Education staffers in all three offices agreed to consider the RISE Act, which would require higher education institutions to accept learning difference designations from earlier in students’ academic lives rather than forcing them to be re-evaluated (often at a cost of thousands of dollars that students must bear). Lockard said he has been fortunate that his school, Blackhawk College, has strong disability services, allowing him time extensions to complete work. Beyond the value of their stories and their lobbying in helping to shift the national conversation, the students’ participation was an opportunity to demonstrate leadership and to experience a sense of community that contrasts sharply with the marginalisation that students with learning differences often experience, Jones said.

Lockard laughed that he has never accepted social media connections faster than those from the other 29 leaders. And he wants more chances to speak out for himself and others with learning differences. NCLD believes the experience on Capitol Hill prepared the young people well to pursue further advocacy at the state and local level.
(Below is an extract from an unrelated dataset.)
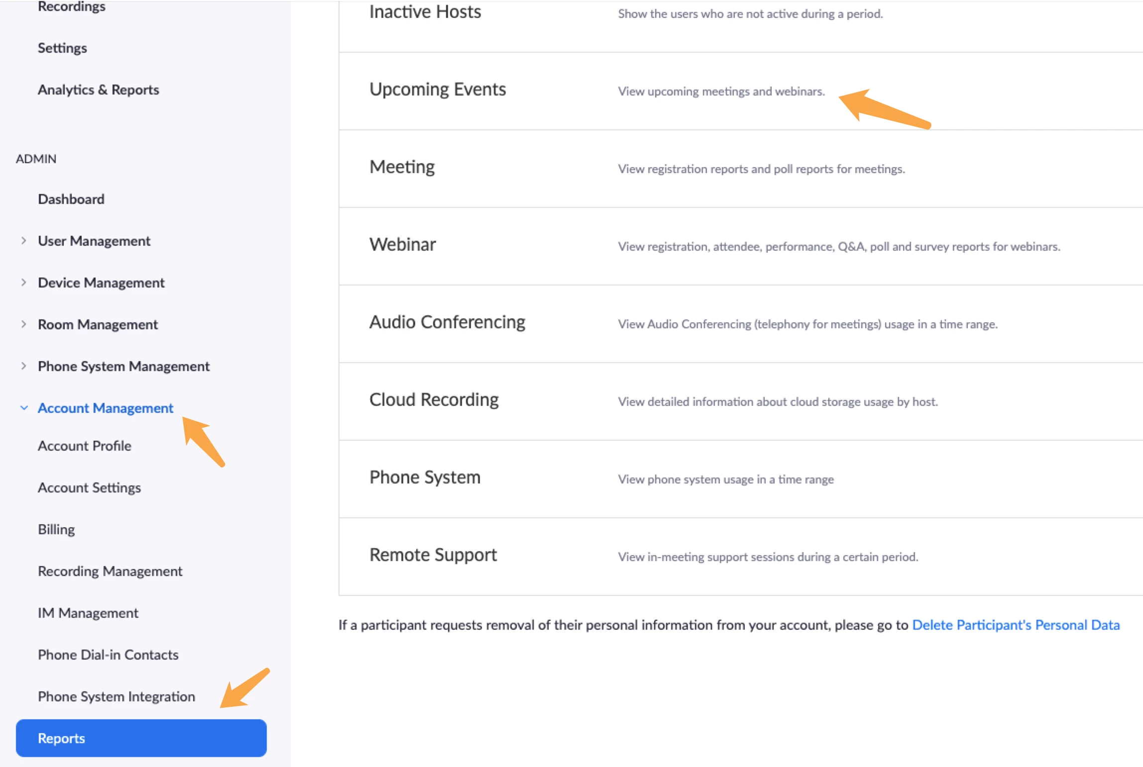 Correct, the reports lets you view previous meetings along with usage and statistics. There should separately be an upcoming events feature. If you want to see all upcoming meetings in one place it may be best to use APIs to extract the meetings form your users and view them in one central dashboard. If you are not a developer there is a Zoom app, Salepager, that lets you do this.

Next time, Lockard said, he will call far enough in advance to schedule meetings with his elected officials themselves, not their staff. “When you’re in college, you’re learning things obviously, but what is the product, what is the outcome?” he said. “When I was there, it was like, ‘Finally, I’m doing something productive.’”

Oak Foundation believes that the voices of students and families are vital to redesigning education to meet the needs of students with learning differences. When students themselves demonstrate their agency to shape their own education they help shift an inaccurate narrative about learning differences. They also make clear to decision-makers the policies and practices that can best support them and learners like them. This work comes under our Learning Differences Programme, which hopes to influence systems to embrace and adopt enabling conditions necessary for schools to meet the needs of students furthest from opportunity.